> [Task details]: Nothing but the lines below from the one that contains "fouls @ 6.0" through the one that contains "Mein kleiner Wirbelsturm" should be retyped, exactly and including both ends. Do not include pictures.

> [Input data]:
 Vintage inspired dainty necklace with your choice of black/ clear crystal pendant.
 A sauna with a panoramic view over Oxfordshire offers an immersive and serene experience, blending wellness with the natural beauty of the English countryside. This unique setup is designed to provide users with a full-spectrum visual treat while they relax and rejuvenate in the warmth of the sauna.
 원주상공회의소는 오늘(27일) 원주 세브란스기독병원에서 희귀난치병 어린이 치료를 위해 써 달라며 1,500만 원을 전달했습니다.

--

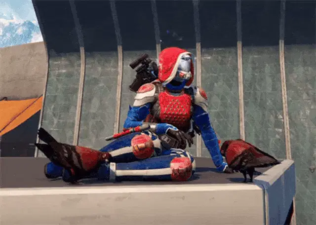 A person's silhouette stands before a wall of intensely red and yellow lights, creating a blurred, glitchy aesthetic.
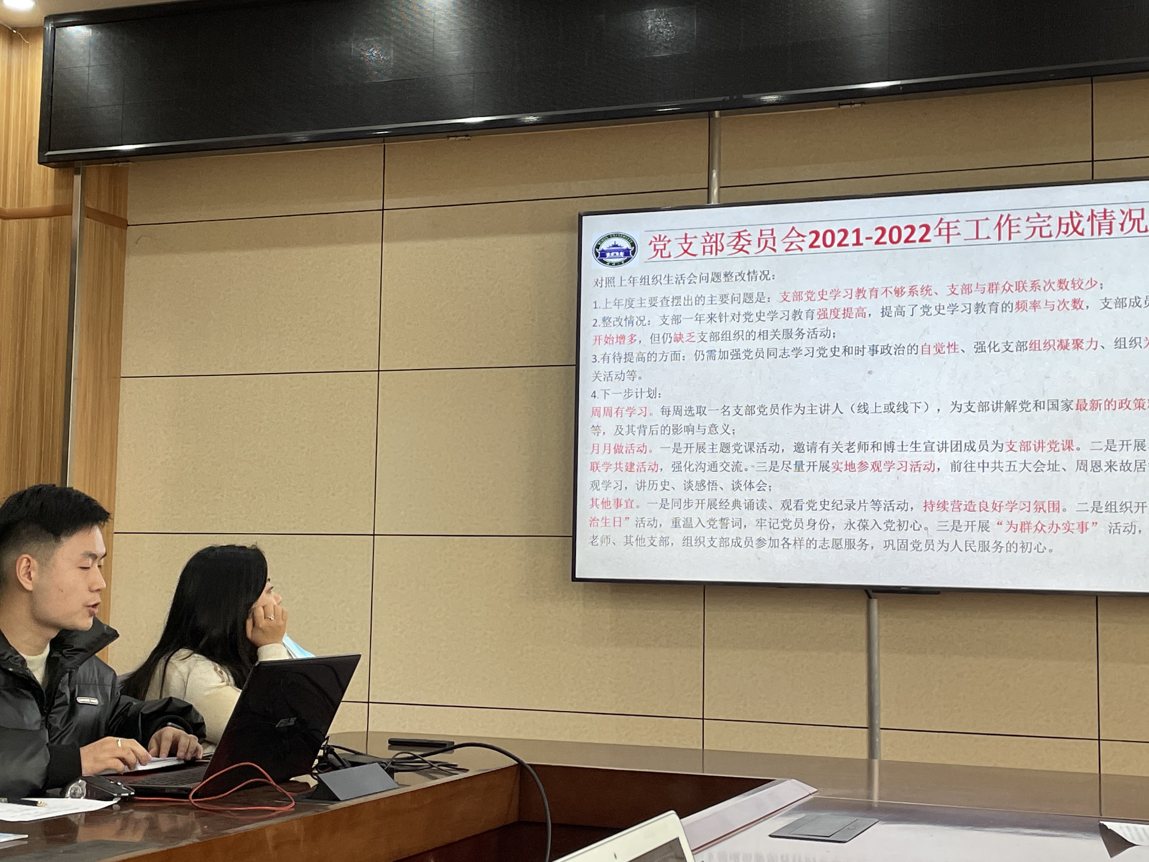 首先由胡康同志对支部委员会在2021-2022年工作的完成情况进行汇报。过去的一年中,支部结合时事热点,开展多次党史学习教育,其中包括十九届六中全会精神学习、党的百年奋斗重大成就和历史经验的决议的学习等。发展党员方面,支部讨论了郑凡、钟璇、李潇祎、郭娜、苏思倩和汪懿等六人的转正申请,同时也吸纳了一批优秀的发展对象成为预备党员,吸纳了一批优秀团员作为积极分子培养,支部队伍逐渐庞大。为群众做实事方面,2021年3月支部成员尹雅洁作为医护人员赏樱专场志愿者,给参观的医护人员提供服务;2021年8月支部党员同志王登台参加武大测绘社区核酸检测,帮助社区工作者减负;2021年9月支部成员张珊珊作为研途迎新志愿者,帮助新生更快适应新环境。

* * *

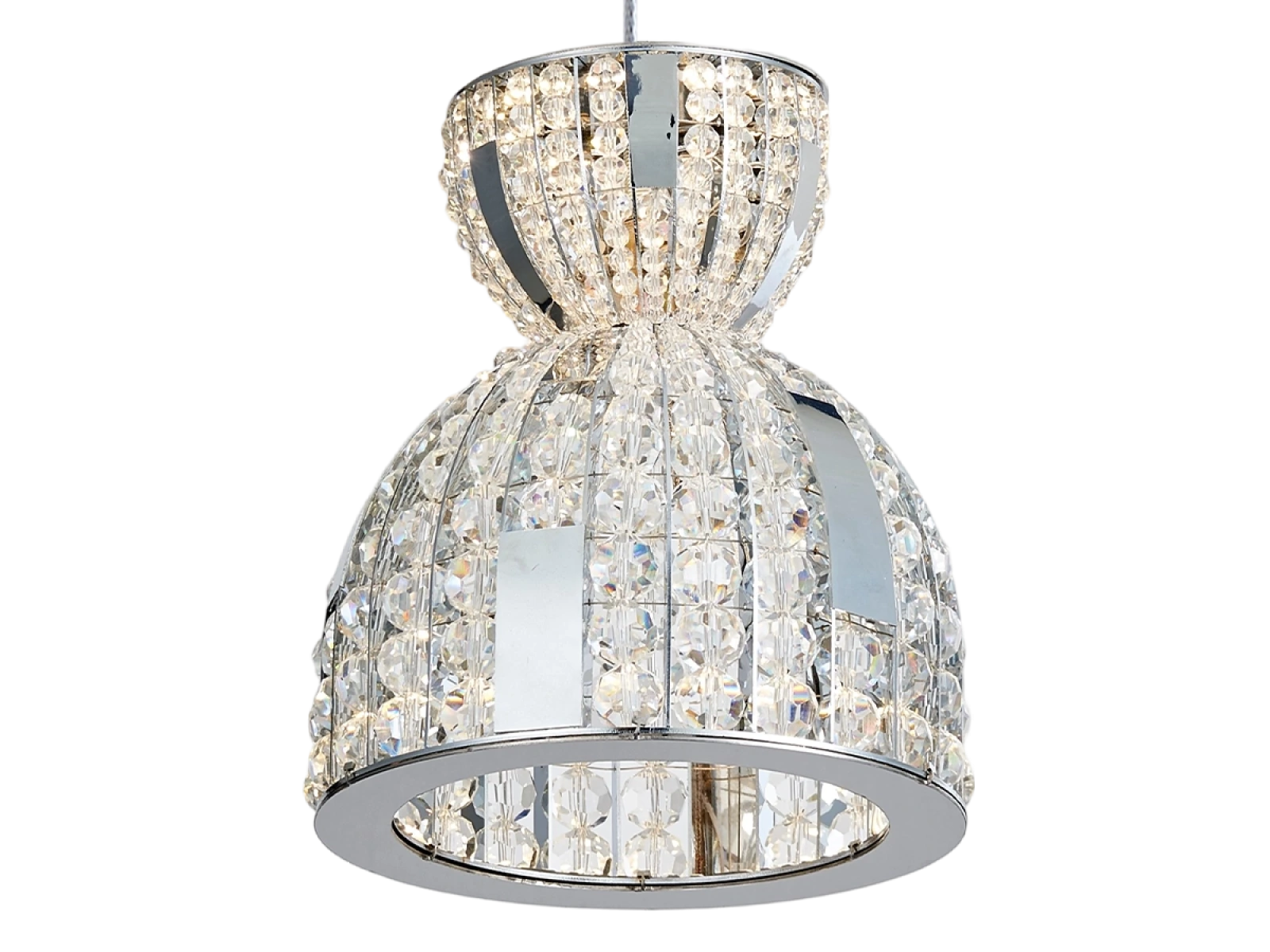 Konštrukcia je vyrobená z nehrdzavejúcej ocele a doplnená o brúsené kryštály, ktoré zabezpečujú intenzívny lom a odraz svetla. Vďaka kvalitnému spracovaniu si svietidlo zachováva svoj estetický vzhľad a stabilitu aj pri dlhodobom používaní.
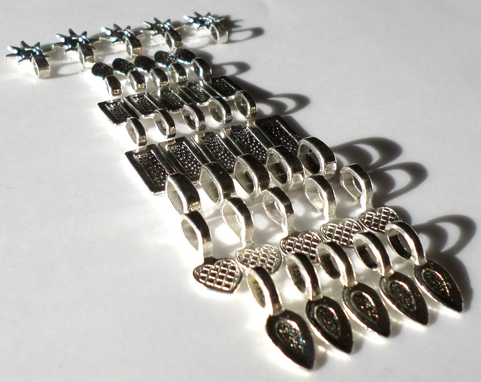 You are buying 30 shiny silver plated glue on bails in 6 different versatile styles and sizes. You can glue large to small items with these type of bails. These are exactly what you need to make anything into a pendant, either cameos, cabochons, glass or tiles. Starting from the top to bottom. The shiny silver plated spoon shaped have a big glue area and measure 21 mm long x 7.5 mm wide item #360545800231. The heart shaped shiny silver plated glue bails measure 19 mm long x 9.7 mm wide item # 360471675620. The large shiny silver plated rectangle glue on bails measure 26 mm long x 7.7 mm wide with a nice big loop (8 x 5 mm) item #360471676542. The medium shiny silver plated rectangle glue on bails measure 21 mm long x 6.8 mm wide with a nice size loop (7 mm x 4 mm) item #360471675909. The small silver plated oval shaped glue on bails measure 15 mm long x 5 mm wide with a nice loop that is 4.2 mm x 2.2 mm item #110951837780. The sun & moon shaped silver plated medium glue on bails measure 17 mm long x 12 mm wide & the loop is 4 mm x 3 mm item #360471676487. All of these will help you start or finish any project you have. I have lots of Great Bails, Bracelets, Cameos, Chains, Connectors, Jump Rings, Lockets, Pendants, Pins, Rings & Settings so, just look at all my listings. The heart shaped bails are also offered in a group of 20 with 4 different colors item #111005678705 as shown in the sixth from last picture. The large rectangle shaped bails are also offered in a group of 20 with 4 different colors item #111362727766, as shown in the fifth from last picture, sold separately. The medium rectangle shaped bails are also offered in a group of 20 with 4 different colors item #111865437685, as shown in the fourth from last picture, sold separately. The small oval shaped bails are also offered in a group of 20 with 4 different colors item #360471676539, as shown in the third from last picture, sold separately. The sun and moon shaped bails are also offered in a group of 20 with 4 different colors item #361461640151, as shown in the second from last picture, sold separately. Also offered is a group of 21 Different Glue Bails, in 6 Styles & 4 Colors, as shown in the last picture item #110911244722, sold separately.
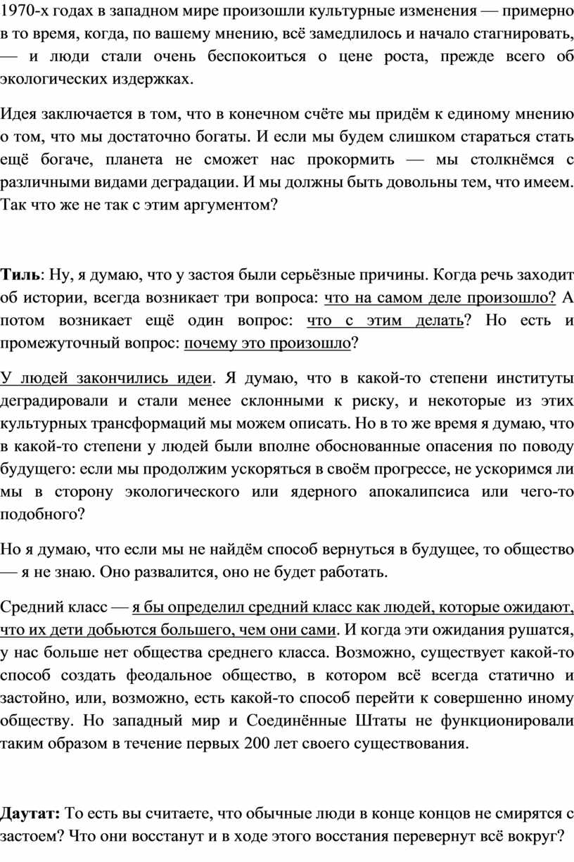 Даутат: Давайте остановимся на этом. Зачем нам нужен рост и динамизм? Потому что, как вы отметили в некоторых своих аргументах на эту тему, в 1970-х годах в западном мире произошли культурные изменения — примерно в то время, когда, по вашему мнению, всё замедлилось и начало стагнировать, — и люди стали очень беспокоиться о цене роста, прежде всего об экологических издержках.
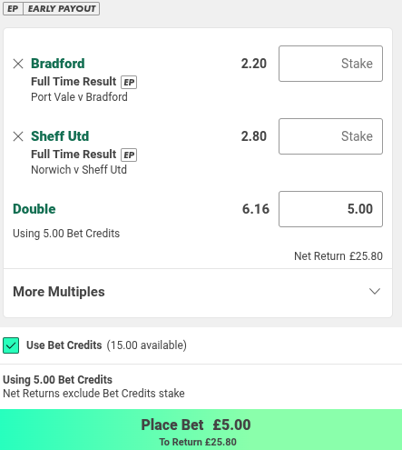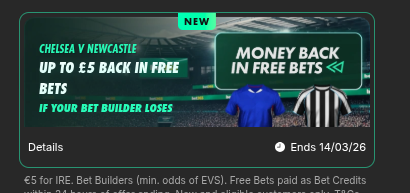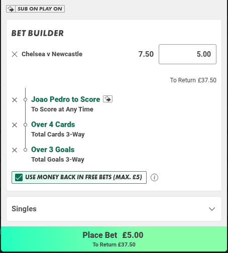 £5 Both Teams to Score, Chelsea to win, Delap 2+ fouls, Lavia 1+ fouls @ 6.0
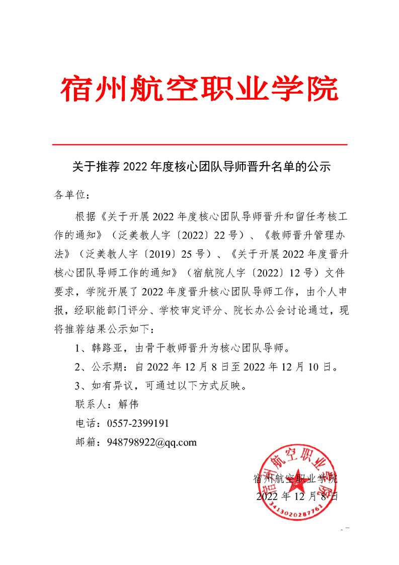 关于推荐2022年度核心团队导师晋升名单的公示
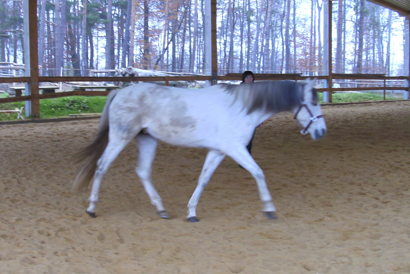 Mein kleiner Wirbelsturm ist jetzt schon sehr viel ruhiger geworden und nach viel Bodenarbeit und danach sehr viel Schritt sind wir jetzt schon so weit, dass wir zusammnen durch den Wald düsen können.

> [Result for this task]:
 £5 Both Teams to Score, Chelsea to win, Delap 2+ fouls, Lavia 1+ fouls @ 6.0
 关于推荐2022年度核心团队导师晋升名单的公示
 Mein kleiner Wirbelsturm ist jetzt schon sehr viel ruhiger geworden und nach viel Bodenarbeit und danach sehr viel Schritt sind wir jetzt schon so weit, dass wir zusammnen durch den Wald düsen können.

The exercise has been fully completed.